Example: for the two lists above, the result of my function should be 4. 'Smith' can be retrieved 3 times in main_list. 'Roger can be found 2 times but as 'Smith' was already found in 'Roger-Smith', this one doesn't count anymore, so 'Roger' is just count as 1 which make 4 in total.

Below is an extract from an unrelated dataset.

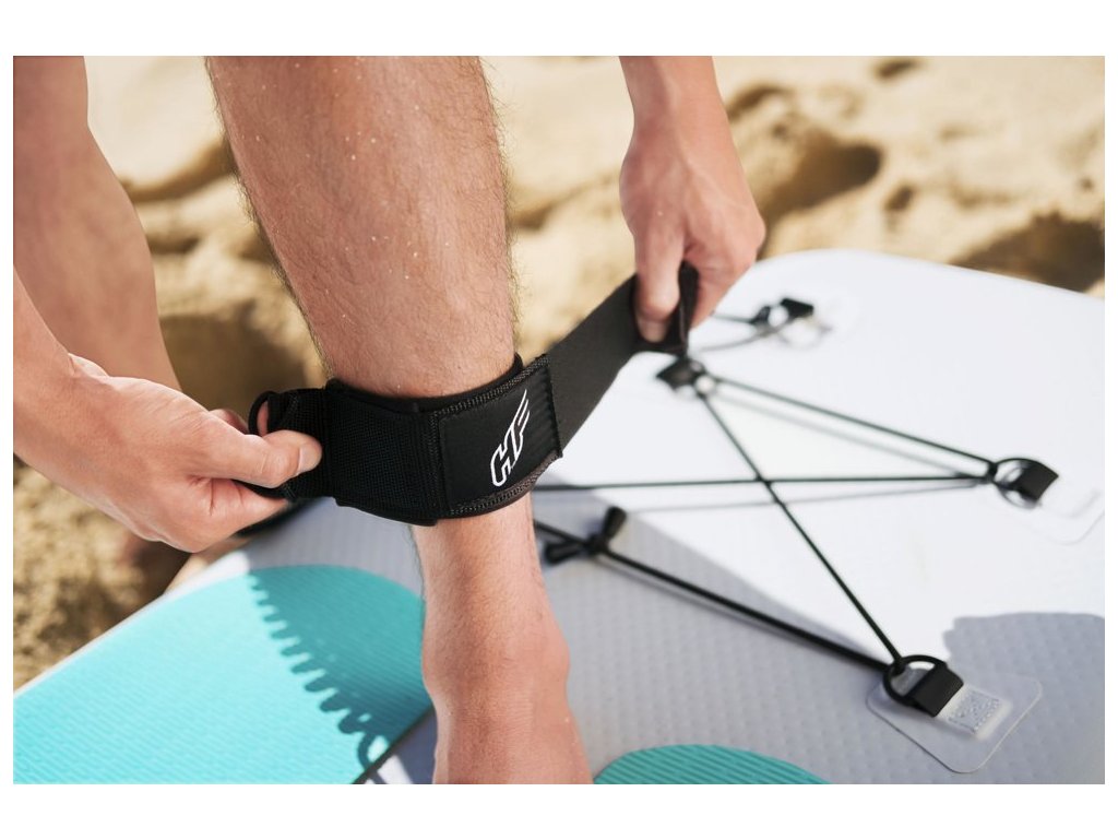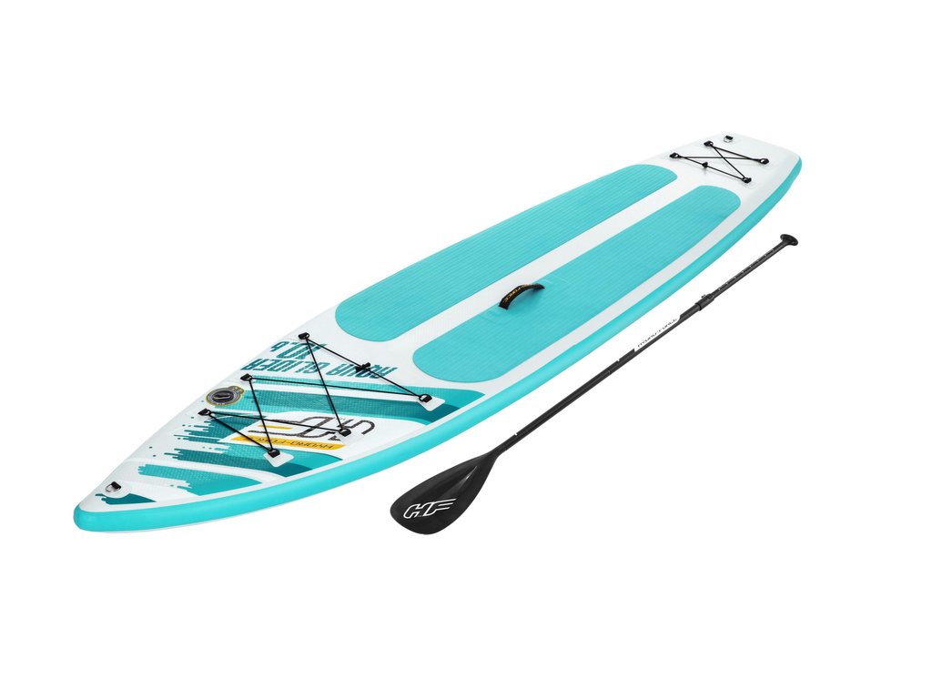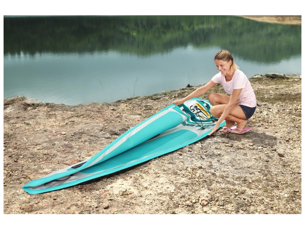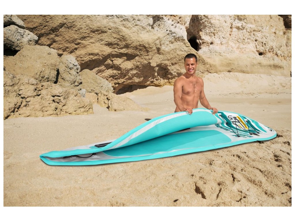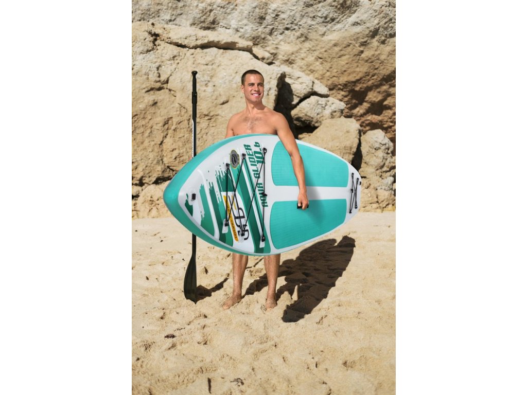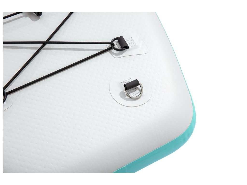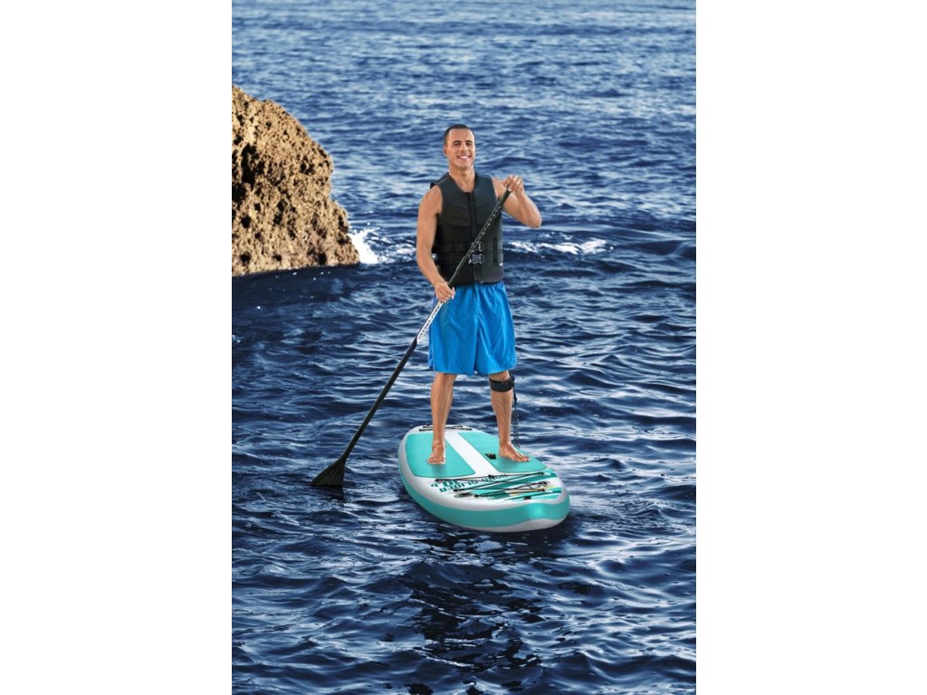 Materiál nafukovacieho paddleboardu je extrémne tuhý, stabilný vo vode a spoľahlivý za všetkých poveternostných podmienok. Ľahké pádlo obsiahnuté v sade výrazne zjednodušuje spôsob riadenia. Odnímateľná plutva zvyšuje silu riadenia a rýchlosť. Doska má veľkú protišmykovú trakčnú podložku, ktorá pomáha udržať rovnováhu.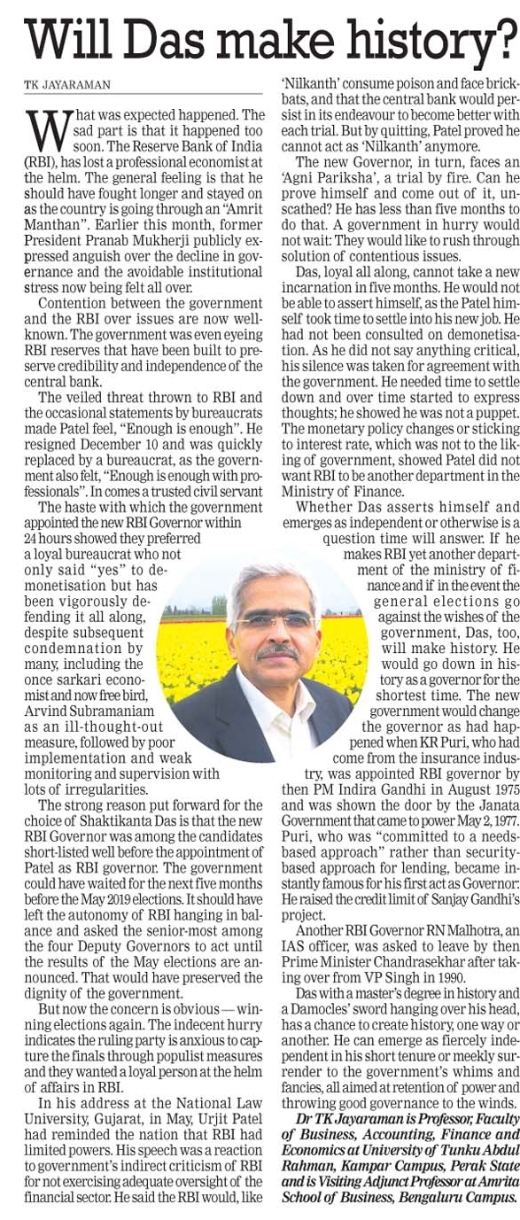 - "Forces behind the falling rupee", Deccan Herald, Jan 11, 2025

The function I wrote for know is below but I think there is a faster way to do it:
def string_detection(master_list, main_list):
count = 0
for substring in master_list:
temp = list(main_list)
for string in temp:
if substring in string:
main_list.remove(string)
count+=1
return count
Upvotes: 5
Views: 5696
Reputation: 21609
A one liner
>>>sum(any(m in L for m in master_list) for L in main_list)
4
Iterate over main_list
and check if any
of the values from master_list
are in that string. This leaves you with a list of bool values. It will stop after it finds one and so adds only one to the count for each string. Conveniently sum
counts all the True
s to give you the count.
Upvotes: 9
Reputation: 25789
If your master_list is not expected to be huge, one way to do it is with regex:
import re
def string_detection(master_list, main_list):
count = 0
master = re.compile("|".join(master_list))
for entry in main_list:
if master.search(entry):
count += 1
return count
Upvotes: 1
Reputation: 6872
This would do it:
main_list = ['Smith', 'Smith', 'Roger', 'Roger-Smith', '42']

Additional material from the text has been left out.